Nur Anna Magnani besser als die Loren
"Ich habe aus Liebe Filme produziert, und ich habe es nicht bereut", betonte Ponti in einem Interview. Seine um 21 Jahre jüngere Frau hielt er bis zu seinem Lebensende für die beste lebende italienische Schauspielerin. "Sophia ist eine großartige Schauspielerin mit dem Temperament eines internationalen Stars. Es wird einen Grund geben, warum man in der ganzen Welt sofort an sie denkt, wenn man von italienischen Schauspielerinnen spricht", so Ponti. Nur die verstorbene Anna Magnani sei besser als Sophia gewesen.

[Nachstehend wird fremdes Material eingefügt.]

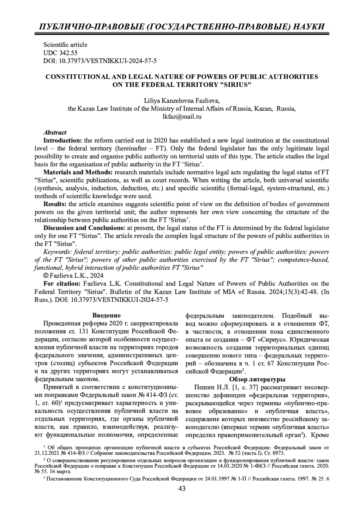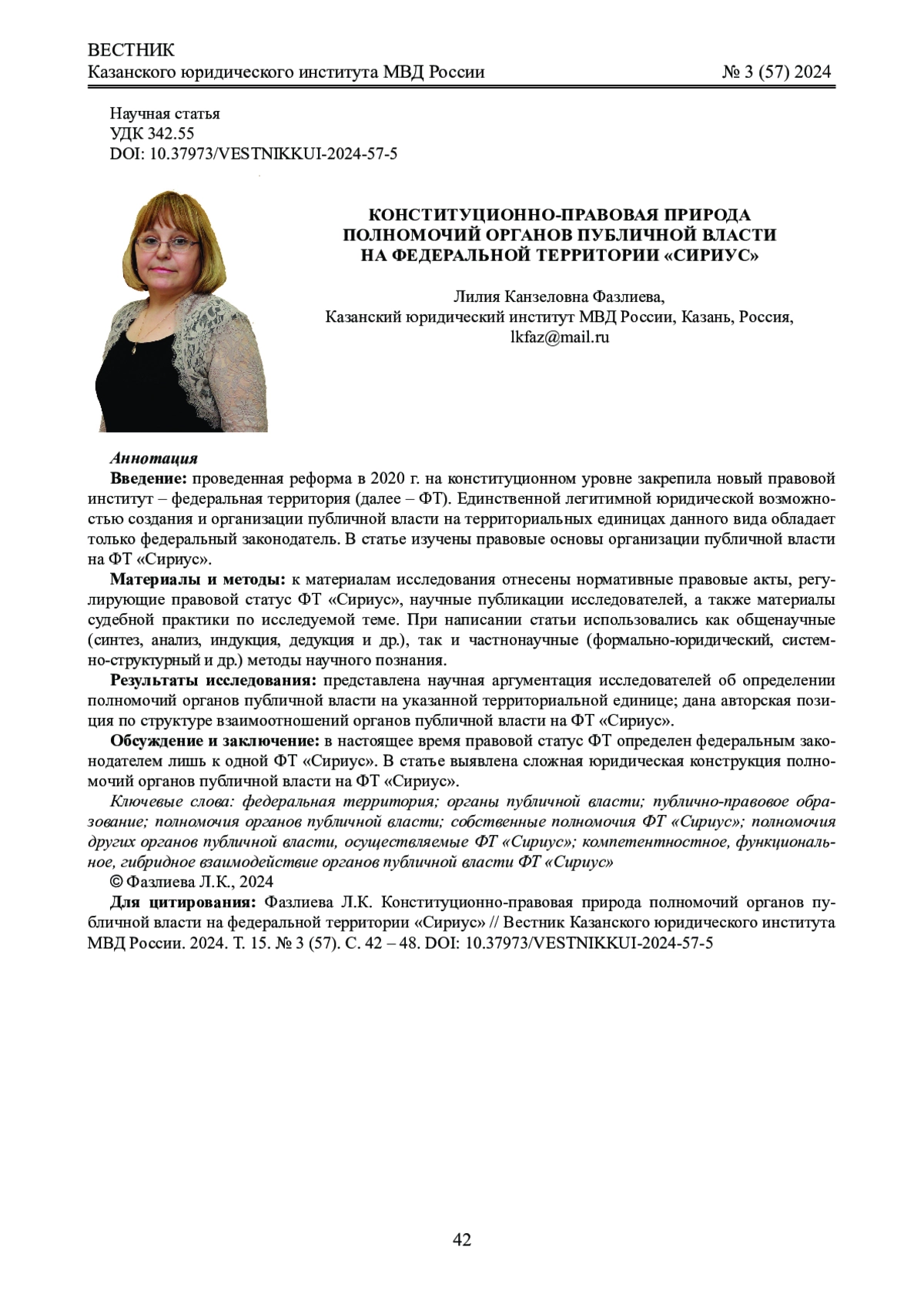 ФАЗЛИЕВА Л. К. КОНСТИТУЦИОННО-ПРАВОВАЯ ПРИРОДА ПОЛНОМОЧИЙ ОРГАНОВ ПУБЛИЧНОЙ ВЛАСТИ НА ФЕДЕРАЛЬНОЙ ТЕРРИТОРИИ "СИРИУС" // ВЕСТНИК КАЗАНСКОГО ЮРИДИЧЕСКОГО ИНСТИТУТА МВД РОССИИ. 2024. Т. 15 № 3 (57)

Zu Pontis internationalen Erfolgen zählen Federico Fellinis "La Strada", die Monumentalstreifen "Krieg und Frieden" und "Dr. Schiwago" sowie Michelangelo Antonionis Filme "Blow up" (1966) und "Zabriskie Point" (1969). Carlo Ponti entdeckte nicht nur Sophia Loren, als sie kaum mehr als eine Dorfschönheit war. Auch Gina Lollobrigida, Catherine Spaak, Marcello Mastroianni und viele andere verdanken ihm ihre Karriere.

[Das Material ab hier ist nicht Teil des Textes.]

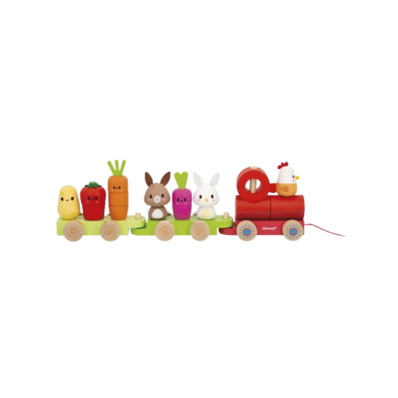 El set incluye piezas para montar y reconstruir diferentes elementos del entorno rural, como patatas, tomates, zanahorias, rábanos, conejos y una gallina. Cada pieza está cuidadosamente elaborada para fomentar la creatividad, la coordinación y la motricidad fina. Además, el tren incorpora una cuerda de arrastre que permite a los niños practicar la motricidad gruesa mientras lo pasean por toda la casa.

Ponti wollte lieber Politiker werden
Dabei hatte der 1912 (nach anderen Quellen auch: 1910) in Mailand geborene Ponti ganz andere Lebensprojekte. Er studierte Jus und wollte sich eigentlich politisch betätigen. "Ich habe mich immer über mich selbst geärgert, weil mich das Filmgeschäft so ergriffen hat. Ich hätte eigentlich Politik betreiben wollen. Ich komme aus einer antifaschistischen Familie, ich habe seit jeher linksorientierte Ideen", erzählte Ponti. Dabei war er über seine Frau mit Alessandra Mussolini, Enkelin des Duce und Parlamentarierin der rechtsextremen Partei "Alternativa Sociale" verwandt.

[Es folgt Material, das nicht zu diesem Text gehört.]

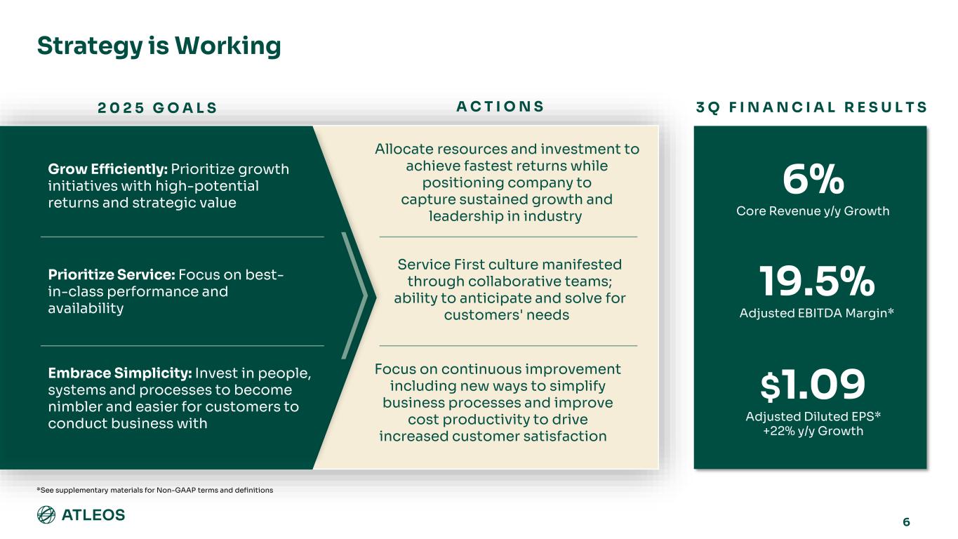 Strategy is Working 2 0 2 5 G O A L S A C T I O N S Allocate resources and investment to achieve fastest returns while positioning company to capture sustained growth and leadership in industry 6 Grow Efficiently: Prioritize growth initiatives with high-potential returns and strategic value Prioritize Service: Focus on best- in-class performance and availability Embrace Simplicity: Invest in people, systems and processes to become nimbler and easier for customers to conduct business with 3 Q F I N A N C I A L R E S U L T S 6% Core Revenue y/y Growth 19.5% Adjusted EBITDA Margin* $1.09 Adjusted Diluted EPS* +22% y/y Growth Focus on continuous improvement including new ways to simplify business processes and improve cost productivity to drive increased customer satisfaction Service First culture manifested through collaborative teams; ability to anticipate and solve for customers' needs *See supplementary materials for Non-GAAP terms and definitions

Mit Sophia Loren durchgebrannt
Pontis Beziehung zu Sophia Loren hatte für internationale Schlagzeilen gesorgt. Der Filmproduzent hatte die aus Neapel stammende Sophia, die damals noch mit ihrem Mädchennamen Scicolone auftrat, 1950 bei einem Schönheitswettbewerb kennen gelernt. Obwohl Ponti seit 1947 verheiratet war, brannte er mit Sophia nach Mexiko durch. Scheidung gab es damals in Italien nicht. 1957 ließen sich Ponti und Sophia Loren in Mexiko trauen, was die Entrüstung des Vatikans auslöste. "Ponti lebt in Bigamie", hieß es im Vatikan.

Erst 1966 wurde in Paris eine rechtskräftige Ehe geschlossen. Entgegen ärztlicher Prognosen wurde Loren Mutter von zwei Söhnen, Carlo Junior und Edoardo, der als Regisseur arbeitet. Zu seinem 90. Geburtstag sagte Ponti: "Wenn ich morgens wach werde und daran denke, dass ich schon 90 Jahre alt bin, bin ich beeindruckt. Als Jugendlicher kam mir schon ein 60-Jähriger uralt vor. Und dabei war es keine große Anstrengung, so alt zu werden. Vielleicht werden die Menschen künftig wirklich 120 oder 130 Jahre alt".